Father Fauchelevant, jealous of Father Madeleine's success in M. sur M. One day his horse falls and the old man is pinned beneath his cart. The accident might have proved fatal if Father Madeleine, a man of tremendous strength, had not lifted the vehicle to free the trapped carter. This feat of strength, witnessed by Inspector Javert, causes the policeman to comment significantly that he had known only one man, a galley slave, capable of doing such a deed. Father Madeleine's act changes Father Fauchelevent from an enemy to an admiring friend. After his accident the old man becomes a gardener at a convent in Paris. Later, Jean Valjean and Cosette, fleeing from the police, take refuge in the convent garden. Old Fauchelevent gives them shelter and arranges to have Valjean smuggled out of the convent grounds in the coffin of a dead nun. He then helps Valjean to get work as a workman at the convent.

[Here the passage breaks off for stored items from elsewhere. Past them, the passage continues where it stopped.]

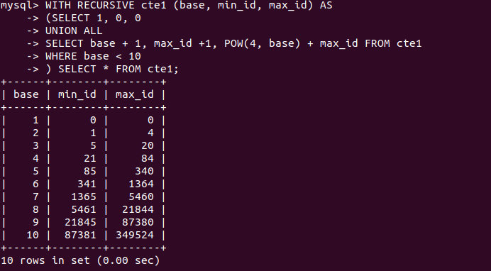 WITH RECURSIVE cte1 (base, min_id, max_id) AS
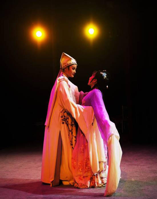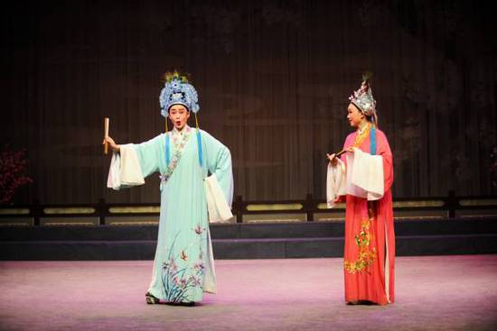 嵊州越剧艺术学校传承班学生田园园、王肖龙(左)在学校剧场表演越剧《牡丹亭》(4月20日摄)。
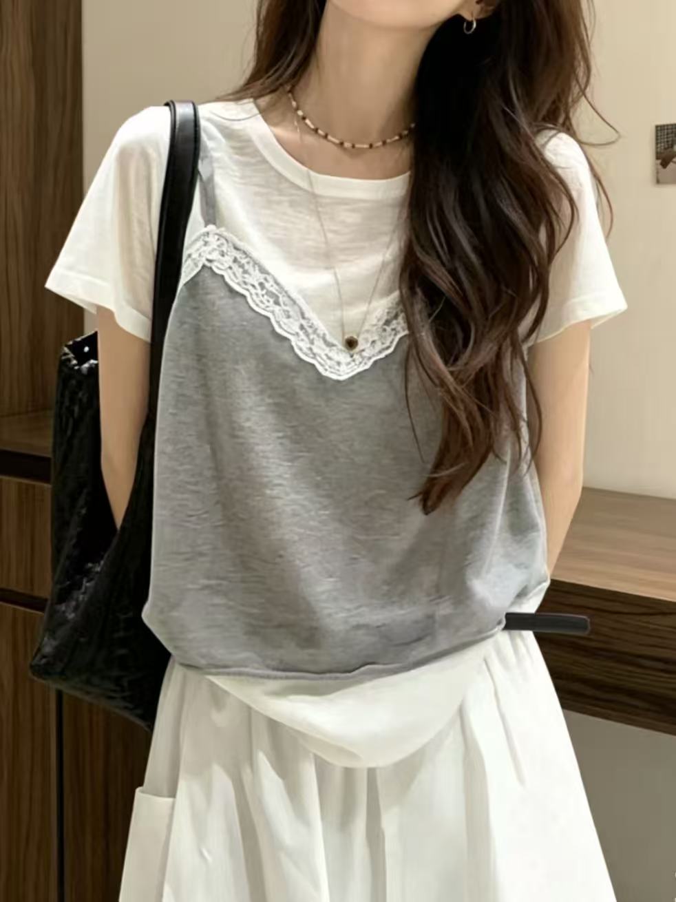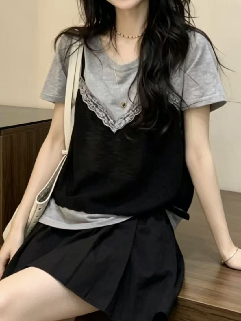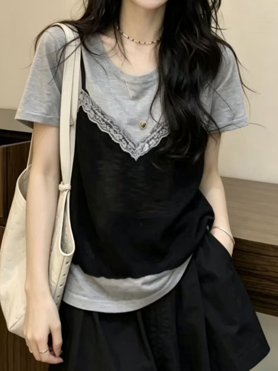 페이크 레이어드 레이스 외출용 조끼 디자인 센스 회색 반팔 티셔츠 여성 여름 새로운 한 부서 Chic 맨위
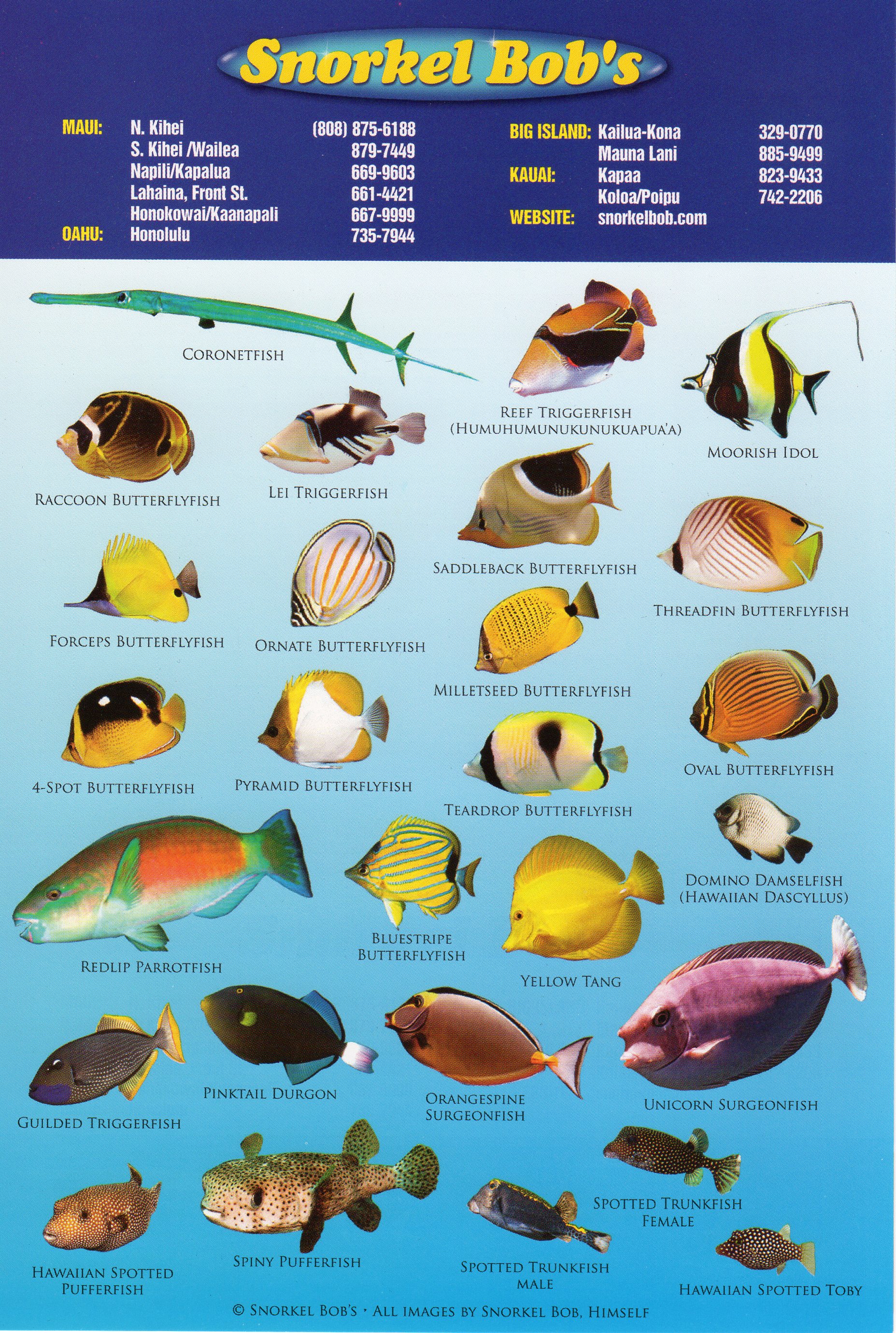 到Kiehi後, Maui Coast Hotel推薦我們去Snorkel Bob's (整個夏威夷都有分店, 所以你可以A點租, B點還, 很方便) 租浮淺器具 Mask+Fins, 日租費用是Custom Fit $11, Standard $8, 另外怕沈的人還可以再租一條Floating Belt $5. 而且還給了一張注意事項和一張彩色的魚群對照圖.
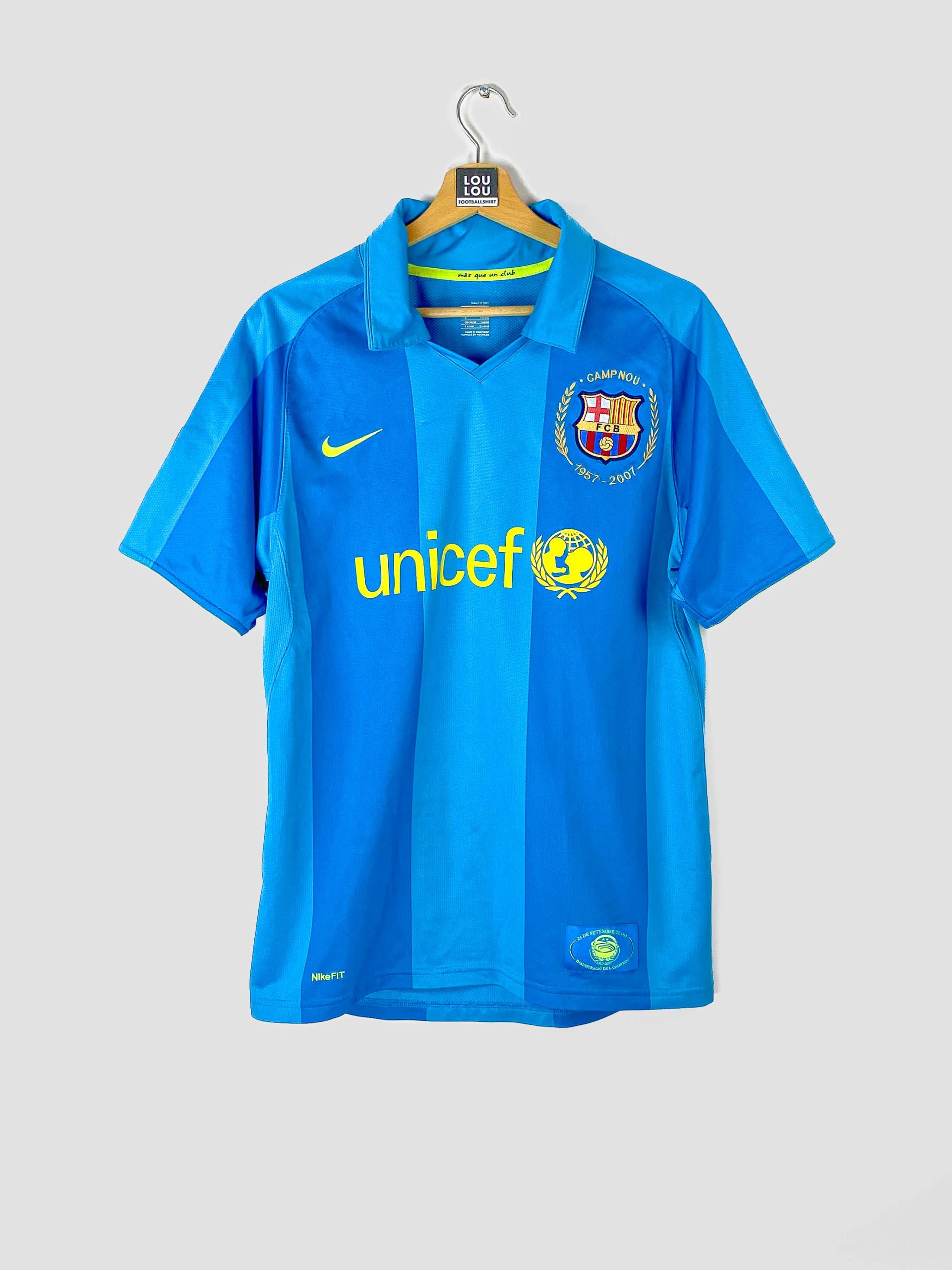 Nous vous présentons ce maillot du FC Barcelona saison 2007-2008. Il s’agit du maillot extérieur que porteront les hommes de Franck Rijkaard cette année là.

Champmathieu, an old man arrested for stealing apples. When he is taken to prison a convict there identifies him as Jean Valjean, a former convict, and he is put on trial for the theft of two francs stolen from a Savoyard lad eight years before. After a struggle with his conscience, Jean Valjean appears at the trial and confesses his identity. Champmathieu, convinced that all the world is mad if Father Madeleine is Jean Valjean, is acquitted. Javert arrests Valjean as the real culprit, but his prisoner later escapes.
M. Gillenormand, the stern grandfather of Marius Pontmercy. A royalist, the old man never became reconciled with his son-in-law. He and his grandson quarrel because of the young man's political views and reverence for his dead father. Turned out of his grandfather's house, Marius goes to live in the Gorbeau house.
Theodule Gillenormand, M. Gillenormand's great-grandnephew, a lieutenant in the lancers. He spies on Marius Pontmercy and learns that his kinsman is a regular visitor at his father's tomb.
Courfeyrac and Enjolas, friends of Marius Pontmercy and members of the friends of the A.B.C., a society supposed to be interested in the education of children but in reality a revolutionary group. Both are killed in the uprising of the citizens in June, 1832, Courfeyrac at the barricades; Enjolas is in the house where the insurgents make their last stand.